LOW Executable Python script ships as part of skill bundle -8

The skill includes media_gen_client.py which is explicitly invoked via python3. The script is fully readable, uses only Python stdlib, makes no subprocess calls, and contains no obfuscation. Its presence as executable code is consistent with the skill's documented purpose. At runtime it makes outbound HTTPS calls to api.aisa.one.

LOW Runtime outbound HTTPS to third-party API endpoint -10

When invoked, the Python client unconditionally contacts api.aisa.one over HTTPS for both image and video operations. There is no opt-out, no local processing path, and no certificate pinning. A MitM or DNS hijack of aisa.one could intercept API keys and prompt content.

LOW img_url parameter leaks caller-supplied URLs to AIsa infrastructure -8

The video-create subcommand requires an img_url argument that is transmitted verbatim to aisa.one. There is no sanitization, allowlist, or local download-then-reupload path. If an agent is directed to use a private S3 presigned URL, internal service endpoint, or user-session-scoped URL as a reference image, that URL is exfiltrated to the AIsa operator and potentially to Alibaba DashScope.

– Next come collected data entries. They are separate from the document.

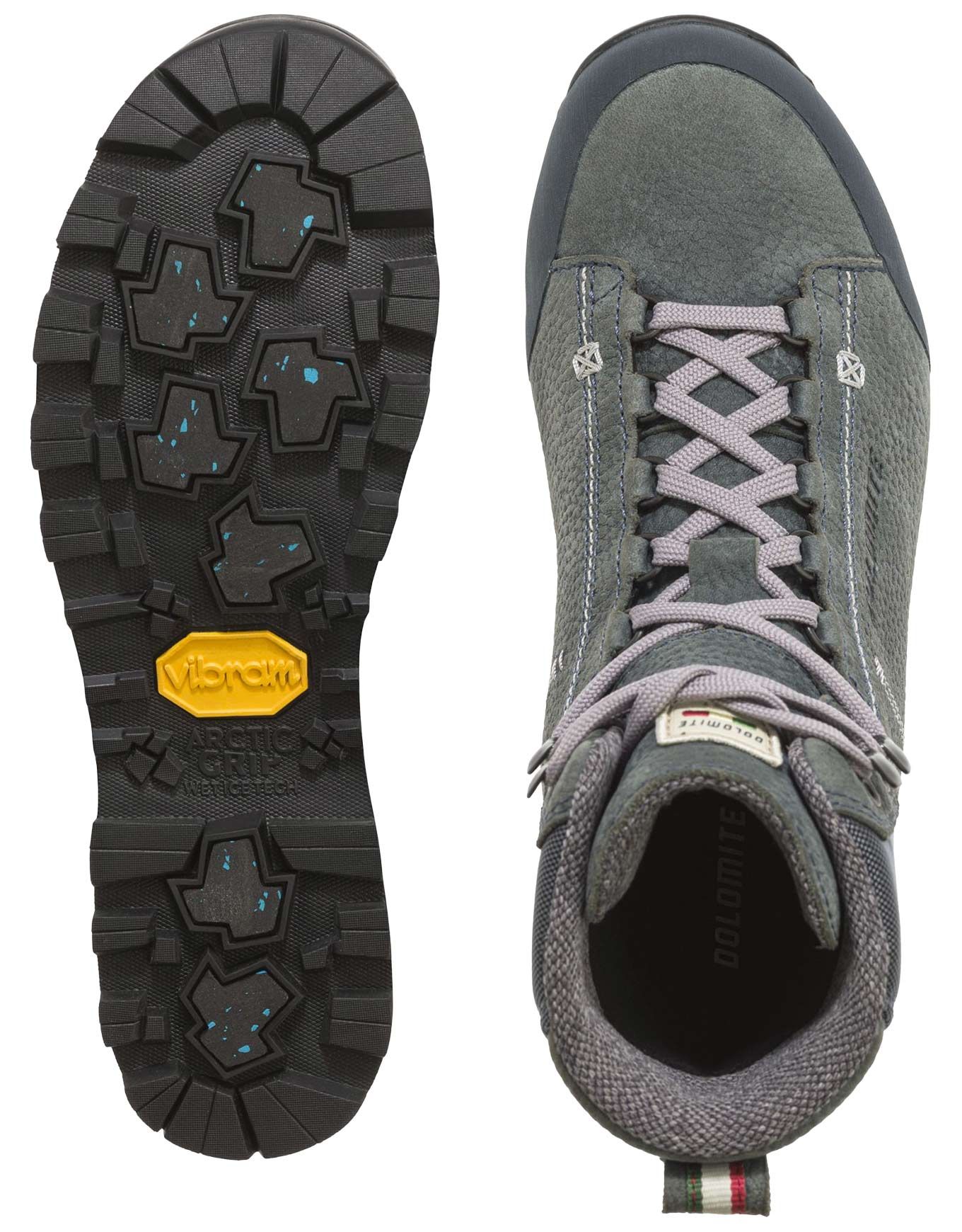 La chaussure Dolomite Cinquantaquattro Warm WP pour femme combine cuir poli huilé, doublure Primaloft et semelle Vibram avec Arctic Grip pour chaleur, confort et adhérence sur terrains glacés en ville ou en forêt.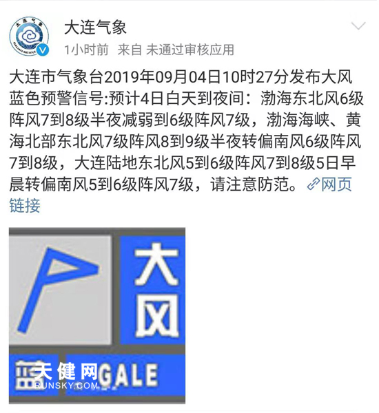 大连气象发布大风蓝色预警信号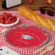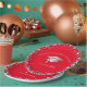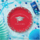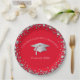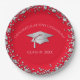This modern design features a graduation hat and confetti in silver on a background of red with white text.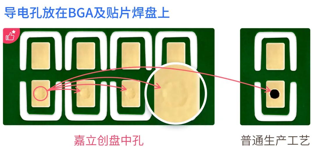 简单说,这种工艺最大的优点就是把过孔打在焊盘上。要知道公司之前是不允许这样操作的,且要求过孔与焊盘的距离>0.15mm。过孔打在焊盘上,我觉得有点意思,于是专门去搜了一下,发现确实可以这样做,在嘉立创打板就行。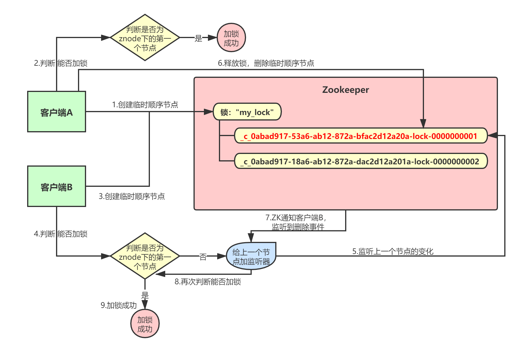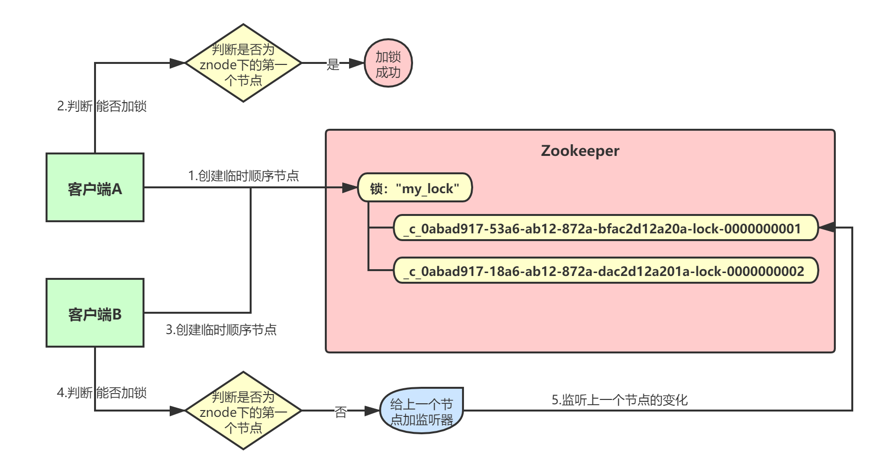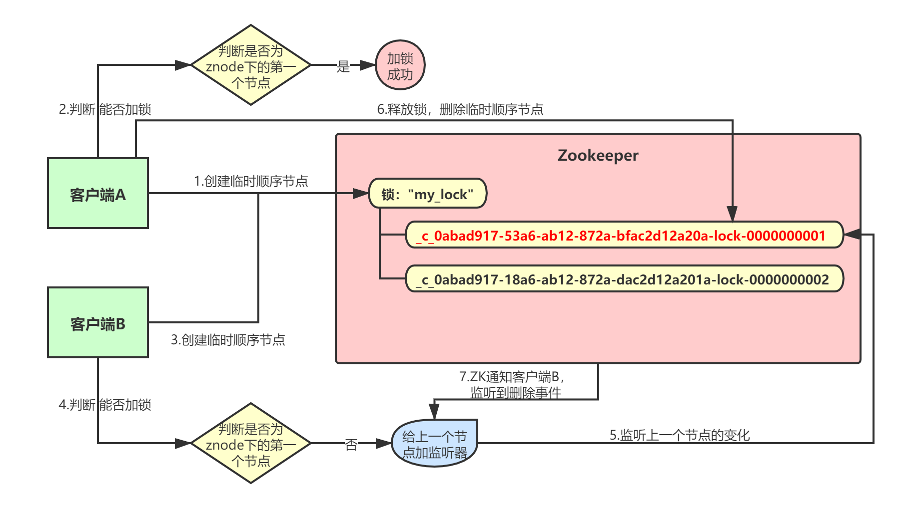 客户端B还想自己创建的顺序节点不是第一个,所以加锁失败!加锁失败以后,客户端B就会通过ZK的API, 对他的上一个顺序节点加一个监听器 ,监听这个节点是否被删除等变化。

LOW AISA_API_KEY exposed to third-party on every call with no rate limiting -20

The skill transmits AISA_API_KEY in the Authorization header on every HTTP request. No cost caps, quota checks, or per-request logging are implemented. An attacker who can cause the agent to invoke this skill repeatedly (e.g., via a looping prompt) could exhaust the user's API credits. The key value is also exposed to aisa.one's TLS termination point.

INFO Clean sparse checkout — only expected GitHub connection observed 0

The install connected exclusively to github.com (140.82.121.4:443) for a sparse checkout of the specific skill subdirectory. No other external connections were made during install. Post-install connection diff shows no new listeners or established connections.